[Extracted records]

◇ ◇ ◇

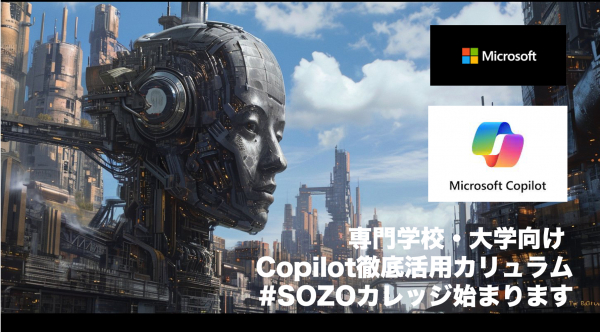 専門学校向け「生成AI授業導入支援カリキュラム#SOZOカレッジ」の提供を始めます!無料ツールMicrosoft Copilot の活用で、文章生成だけでなく画像/作詞/作曲で楽しい生成AI授業提供
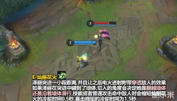 泽丽向前突进一小段距离,并强化接下来的普攻效果。如果泽丽朝着墙体突进,则会直接翻越墙体。
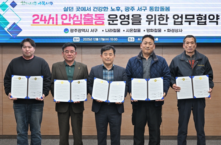 [뉴스다컴] 광주광역시 서구가 주민 일상 속 불편을 신속하게 해소하기 위해 팔을 걷어붙였다. 서구는 17일 서구청 나눔홀에서 관내 착한가게 4곳과 함께 ‘24시 안심출동’ 사업의 안정적 운영을 위한 업무협약을 맺고 빈틈없는 돌봄 서비스 제공에 협력하기로 했다. 이날 협약식에는 김성배 부구청장을 비롯해 윤순섭 화성상사 대표, 이영일 평화철물 대표, 주재식 나라철물 대표, 이영주 시온철물 대표가 참석했다. 이 업체들은 매월 정기 기부로 나눔을 실천하는 ‘착한가게’로 이웃돌봄 역할에도 적극적으로 참여하고 싶다는 뜻을 밝혔다.
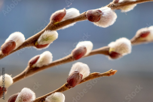 Easter background, willow branches with catkins on a blue blurred background
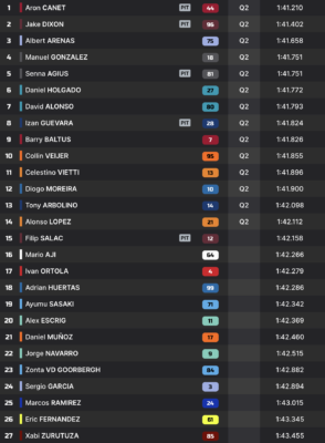 | Practice | 1’42.362 Alonso Lopez | 1’41.210 Aron Canet |

◇ ◇ ◇

Give back, exactly and with nothing added, the lines from the line with "[뉴스다컴] 광주광역시 서구가" through the final line of the data, both included; leave pictures out.

 [뉴스다컴] 광주광역시 서구가 주민 일상 속 불편을 신속하게 해소하기 위해 팔을 걷어붙였다. 서구는 17일 서구청 나눔홀에서 관내 착한가게 4곳과 함께 ‘24시 안심출동’ 사업의 안정적 운영을 위한 업무협약을 맺고 빈틈없는 돌봄 서비스 제공에 협력하기로 했다. 이날 협약식에는 김성배 부구청장을 비롯해 윤순섭 화성상사 대표, 이영일 평화철물 대표, 주재식 나라철물 대표, 이영주 시온철물 대표가 참석했다. 이 업체들은 매월 정기 기부로 나눔을 실천하는 ‘착한가게’로 이웃돌봄 역할에도 적극적으로 참여하고 싶다는 뜻을 밝혔다.
 Easter background, willow branches with catkins on a blue blurred background
 | Practice | 1’42.362 Alonso Lopez | 1’41.210 Aron Canet |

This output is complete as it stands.